Потом разбирали причины неуспеха под Плевной, и все сошлись на том, что атаку нужно было проводить не с востока, а с юга, где действовал отряд Скобелева 2-го. Выяснилось, что не было согласия между командирами и начальниками штабов. Генерал Шаховский начал атаку без уведомления Криденера. Оба они командовали корпусами, и Шаховский не желал подчиняться равному себе по должности.

Выступая, старый Криденер признался:

— В это беспокойное время была для меня особенно трудная минута. Это было около двух часов дня, когда я убедился, что наш артиллерийский огонь не произвел желаемого действия, и ни одна неприятельская батарея не замолкла. Несмотря на все наши попытки, позиции турок оставались непоколебимыми. Я, признаюсь, усомнился в успехе и даже подумал отказаться от атаки, только чтобы сохранить войска Государя. Я даже объявил об этом и увидел, как у всех вытянулись лица. И я готов был дать команду «отбой!», чтобы отвести войска, но тут мне доложили, что князь Шаховский перешел в атаку.
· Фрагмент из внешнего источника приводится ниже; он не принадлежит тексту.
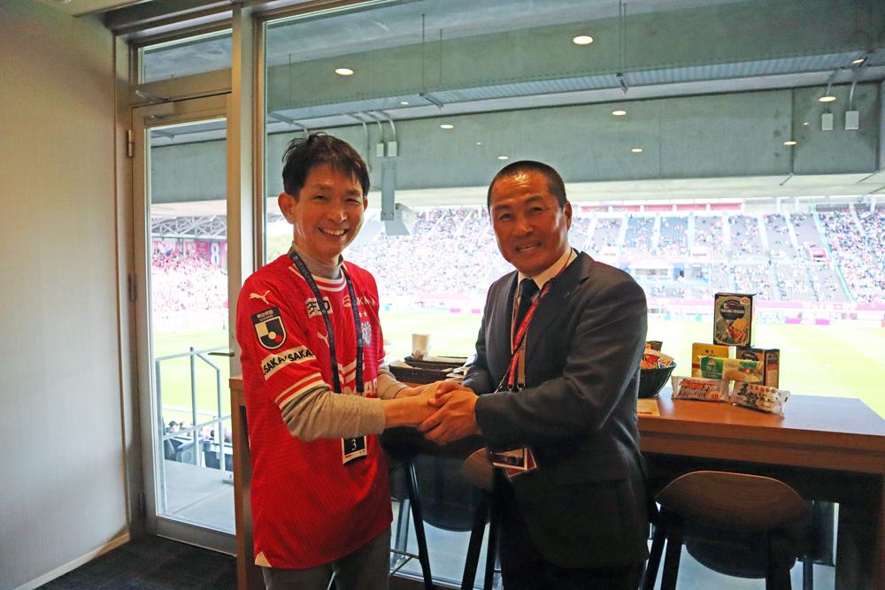 また、試合前にはセレッソ大阪の森島社長、田中駿汰選手とご挨拶をしました

Мне ничего другого не оставалось делать, как тоже перейти в наступление… К вечеру все резервы были израсходованы и о том, чтобы повторить атаку, нечего было и думать…

После неудачи у Плевны из Ставки поступило распоряжение о возвращении отряда Скобелева под Ловчу. Полагая, что Осман-паша направит туда часть своих сил, командование приказывало Скобелеву этого не допустить. Одновременно требовалось провести боевые рекогносцировки подступов к Ловче, а также разведку горных проходов через Балканы на важных направлениях. По выполнении всех задач Скобелев установил, что движение турок к Ловче невозможно и посылать отряд к Какрину — пустая трата времени и сил, а потому просил использовать отряд у Шипки, где наши войска вели бои.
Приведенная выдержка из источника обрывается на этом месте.